O inquérito, aberto para apurar o seu primeiro ato de traição ao Exército Brasileiro, não chegou a conclusões definitivas.
Entretanto, essa fuga inexplicável tornou o ambiente demasiadamente tenso para ele, na PE. Novamente movimentado, apresentou-se, em dezembro de 1965, no seu antigo quartel do 4º RI, em Quitaúna.
Nesse quartel paulista, reencontrou-se com seu amigo, o Sargento Darcy Rodrigues, com quem, novamente, passou a ter longas conversas sobre a situação brasileira e a realizar um estudo sistemático sobre o marxismo-leninismo.
Em 1968, várias organizações clandestinas, de linha foquista e militarista, sob o pretexto de livrar o Brasil da ditadura militar, ensangüentavam-no, desencadeando as açõs armadas e terroristas preconizadas por Cuba. Uma delas era a Vanguarda Popular Revolucionária (VPR), criada, em março desse ano, pela fusão do grupo foquista dissidente da Política Operária (POLOP) com os remanescentes do núcleo de São Paulo do Movimento Nacionalista Revolucionário (MNR), de Brizola. Paradoxalmente, uniram-se os "políticos" teóricos com os "militares" práticos.
Depois de estabelecer conversações com a Ação Libertadora Nacional (ALN) e com o Partido Comunista do Brasil (PCdoB), Lamarca decidiu ingressar na VPR, seduzido pela facilidade com que poderia galgar os postos de comando, fazendo valer sua natural ascendência hierárquica sobre os inúmeros sargentos que integravam a organização.

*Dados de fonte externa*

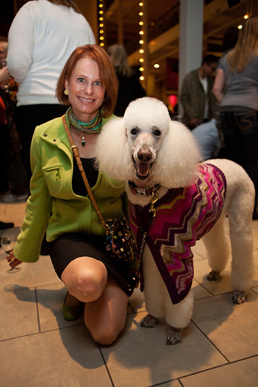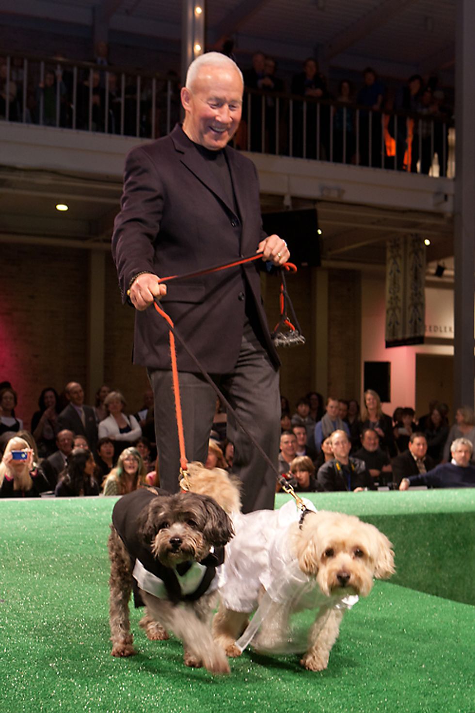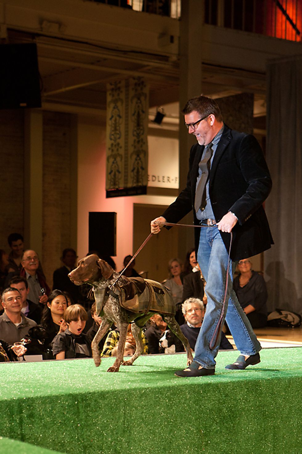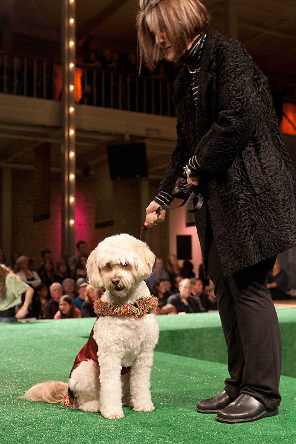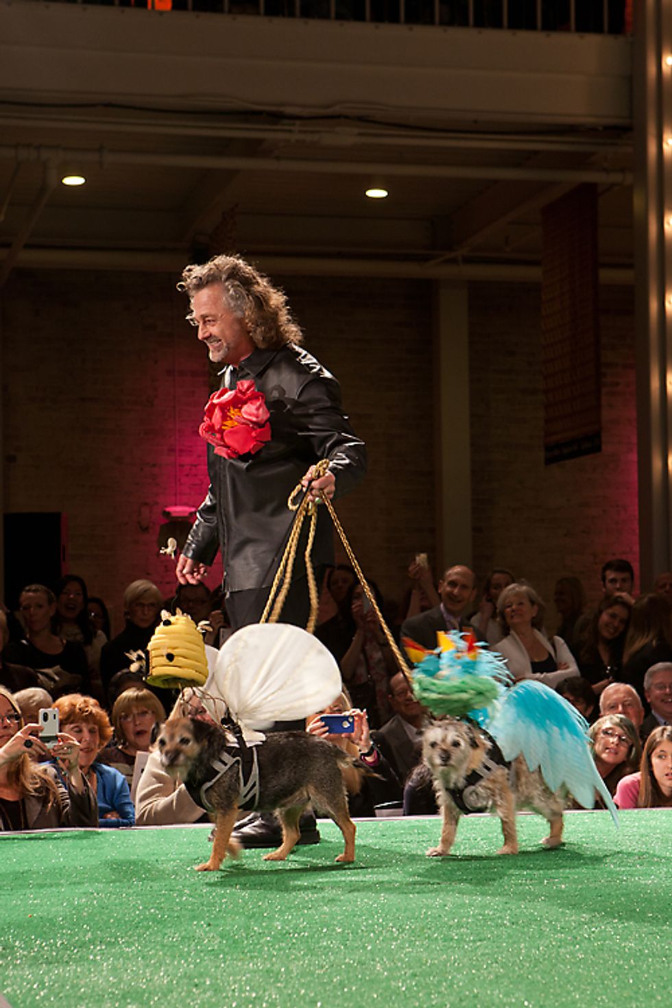 The main event featured almost 60 pooches prancing the runway, lovingly accompanied by prominent designers, artists and performers including Scot Meacham Wood, Beryl Silver, David Duncan Livingston, and jazz star Paula West. The chic canines were outfitted in fun outfits, some designed by BooBoo Boulevard, and some constructed with sumptuous textiles from the Design Center's most prominent showrooms.

Assim, em junho de 1968, ingressou na base militar da VPR, levado pelos irmãos de um de seus dirigentes, o ex-sargento Onofre Pinto. De imediato, criou uma célula clandestina da VPR no seu quartel, o 4º RI, composta pelo Sargento Darcy Rodrigues, pelo Cabo José Mariano Ferreira e pelo Soldado Carlos Roberto Zanirato.
Muito "convenientemente", Lamarca era, na época, o instrutor de tiro da Unidade.
Com essa facilidade, cometeu a segunda traição ao Exército, conseguindo desviar 2 mil tiros para municiar os 9 FAL que haviam sido roubados pela VPR, em 22 de junho de 1968, no assalto ao Hospital Geral de São Paulo, no Cambuci.
Em dezembro desse ano, explodiu a crise latente na VPR, provocada pela contradição entre a prática e a teoria, entre os "militaristas", oriundos do MNR, e os "políticos" ou "leninistas", oriundos da POLOP. Numa conturbada reunião realizada no litoral paulista, que ficou conhecida como a "praianada", os "militaristas", agora fortalecidos pela adesão do Capitão Lamarca, assumiram a direção da VPR.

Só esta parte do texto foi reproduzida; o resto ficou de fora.